Diagnose the Problem, Then Act
The enrollment process will rarely go exactly as planned. That’s why it’s important to identify and address challenges early, tailoring interventions to each site’s needs and limitations
Begin by examining all existing processes. Pinpoint the bottlenecks. For example, if enrollment is lagging, the site may need additional support for recruitment and enrollment. In other cases, data entry and query resolution are falling behind, and the site needs support there.Providing data entry support, in turn, may create additional bandwidth to continue focusing on recruitment efforts.
Focus on implementing solutions that enhance the site’s capacity without compromising efficiency.
Here, it helps to think about the study lifecycle. Themore time you have, the more options you have. Efficiency tends to falter when timelines shorten. So, the more you can do in advance and plan and prepare, the better.

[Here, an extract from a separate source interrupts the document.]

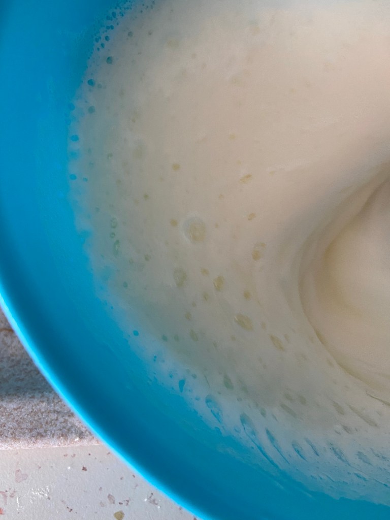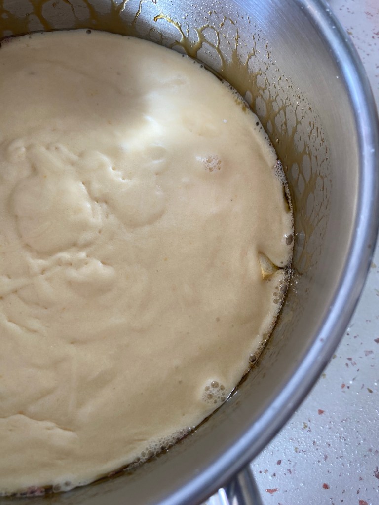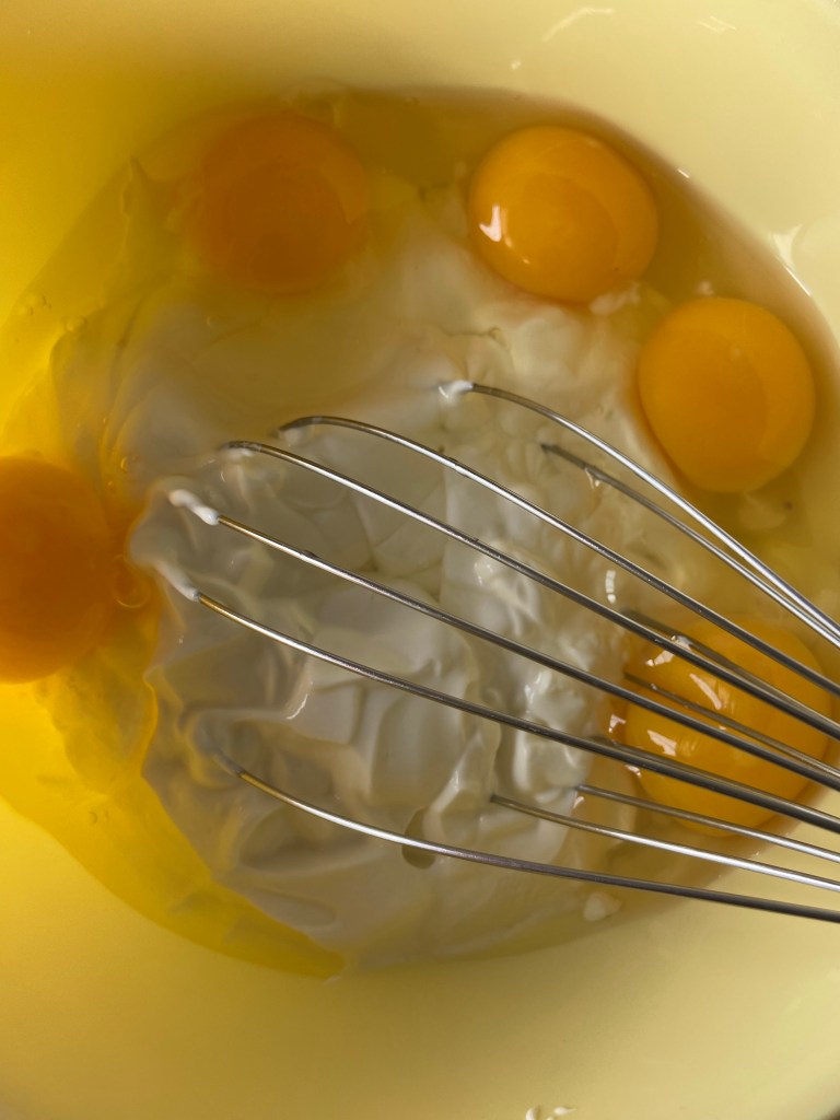Mixăm la viteză mare ouăle cu zahărul, pâna ce se omogenizează. adăugăm iaurtul grecesc și îl încorporăm.

Ask yourself: Do the tools and resources we’re providing increase the site’s bandwidth, or do they add extra steps? You want to increase the site’s capacity, not its burden. For example, if a study requires a patient to be newly diagnosed, a retrospective chart review won’t prove very helpful.
Think about this: Are you truly enhancing the site’s capacity to enroll more patients? Or are you imposing additional processes that could slow enrollment and diminish the site’s interest in your study –or in ever working with you again?
Put it in Practice
Learning from patients and sites and sharing best practices among different sites can be valuable.
Study coordinator meetings provide the opportunity to elicit best practices that other sites can adopt. It’s also an opportunity to learn what isn’t working.
In trials involving multiple vendors, coordination and oversight are crucial. Aligning vendors’ efforts and ensuring a shared vision for recruitment success requires proactive management and collaboration.
Setting benchmarks and key performance indicators (KPIs) is essential for assessing recruitment success. However, use them as evaluation tools, not as penalties. Foster an environment where everyone feels safe to flag problems early, identify them and work towards a solution without fear of retribution. The process never stops: Evaluate. Plan. Deploy. Assess. Adjust. Repeat. (See figure 1.)
It bears repeating: Change is inevitable, and your plans will require adjustments. That’s why enhancing clinical trial enrollment requires a comprehensive and flexible approach that considers the site’s capacity, patient motivations, and ongoing adjustments based on real-world challenges.
When we all come together and take this approach of being flexible and adapting to change, we can solve most problems.